Love this forum, it is just soo fun to read whats being talked about.

Thanks
B


----------



## kaz101 (Nov 29, 2007)

Hi Belinda2,

Welcome to the forum. 

I believe your husband will need a spouse visa. A friend of mine did this in the UK when she headed back to Oz and took her French husband back with her. If you look at the links in the 'PLEASE READ....' post that will take you to the immigration website and you can find the visa type there. 

Regards,
Karen


----------



## Dolly (Feb 17, 2008)

Belinda2 said:


> I am an Australian citizen, last time I was there was 25 years ago and I was 3.
> I have no connections there but I am going to move back and I will bring my u.s. husband of 9 years.
> So I am guessing that my husband will need a visa but I will not, since I have my Australian passport.
> Do you guys think there will be any problems with him moving with me?
> ...


Hi there,

Your husband shouldn't have any problems at all....as Karen said he'll need to apply for a spouse visa Spouse Visa: Offshore Temporary and Permanent (Subclasses 309 and 100)

Welcome to the forum BTW!

Dolly


----------



## flyingfree (Aug 6, 2008)

To my experience in other countries it is not a problem if you are married. Sounds like an exciting move!


----------



## kaz101 (Nov 29, 2007)

flyingfree said:


> To my experience in other countries it is not a problem if you are married. Sounds like an exciting move!
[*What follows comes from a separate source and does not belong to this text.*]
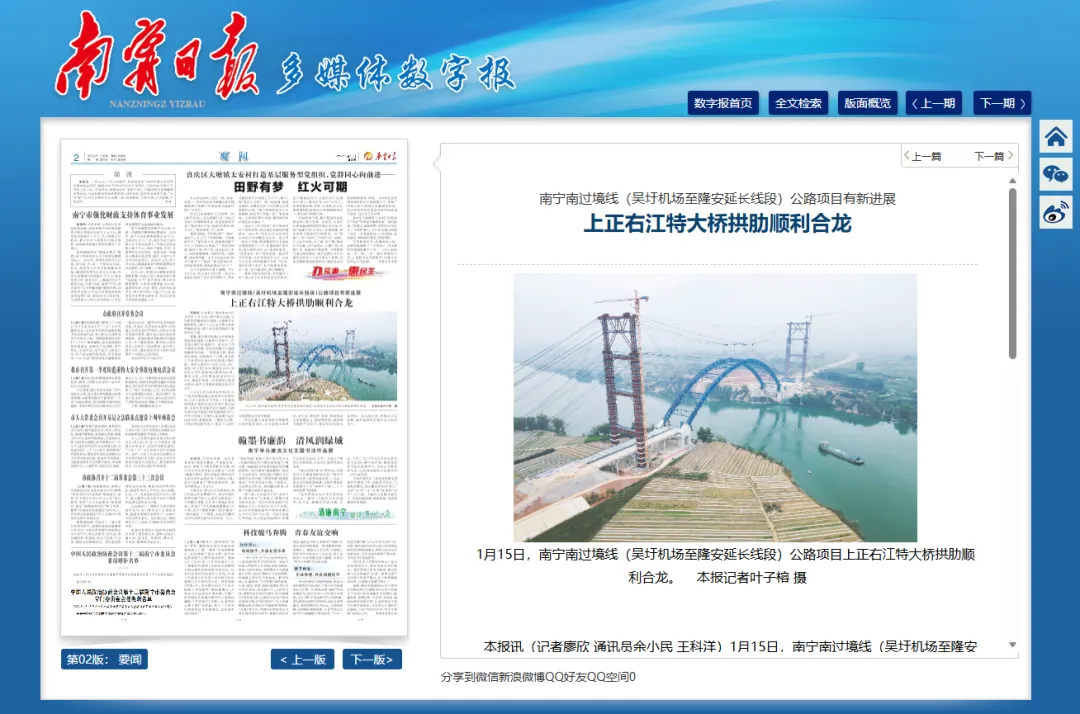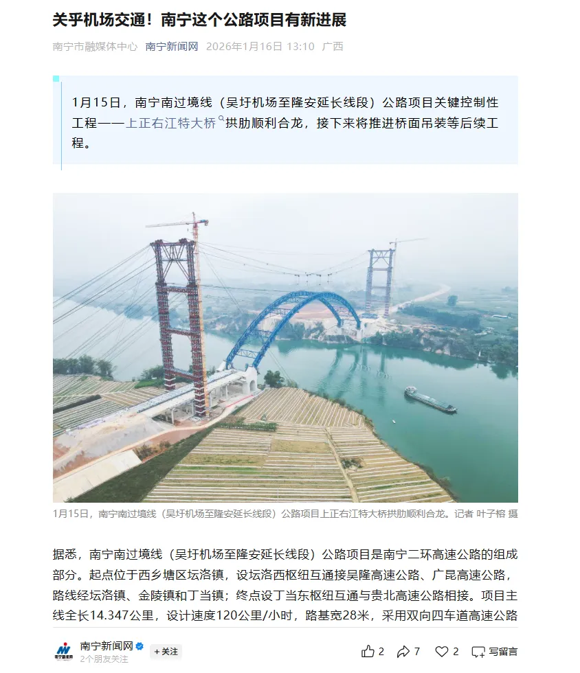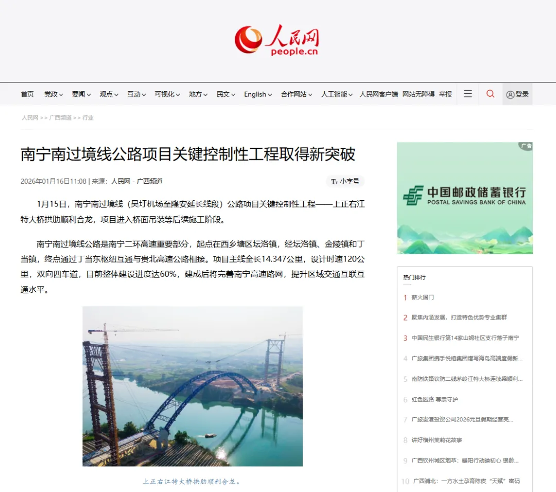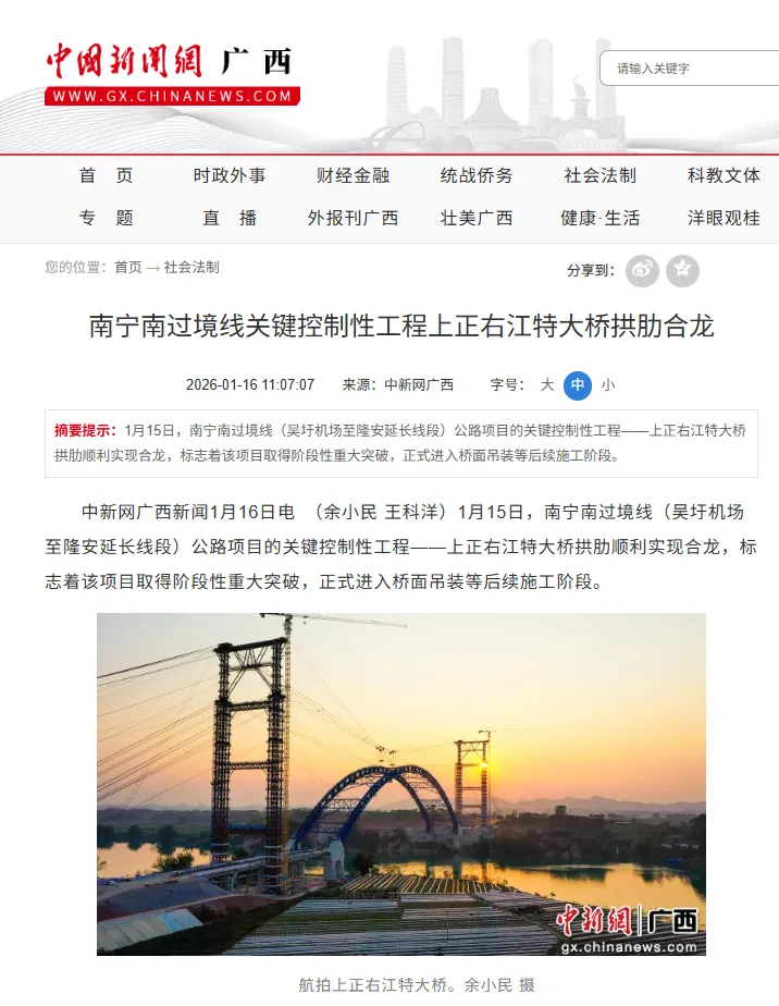 近日,人民网、中国新闻网、南宁日报、南国早报、南宁新闻网、今日头条等多家媒体关注报道公司参建的南宁南过境线关键控制性工程上正右江特大桥拱肋合龙!

In Australia you don't have to be married since you can come in as a couple if you can prove that you are in a long term relationship (I think over 6 or 12 months).


----------



## jacque (Apr 29, 2008)

Belinda2 said:


> I am an Australian citizen, last time I was there was 25 years ago and I was 3.
> I have no connections there but I am going to move back and I will bring my u.s. husband of 9 years.
> So I am guessing that my husband will need a visa but I will not, since I have my Australian passport.
> Do you guys think there will be any problems with him moving with me?
> ...


HI Belinda,

I currently live in the USA - in Miami beach actually and in one month my husband and I will be moving to sydney - I have not lived in Australia for 18 years so very nervous and I know our lifestyle will be completely different....I am scared, anxious but also happy and excited about this. Oh mu husband is from Cuba but we met here in Miami. Where in the States have you been living? Where in Oz are you relocating to? I think my husband will adjust fairly quickly - although english is definitely not his first language and I am worried that the adjustment will be bigger for me......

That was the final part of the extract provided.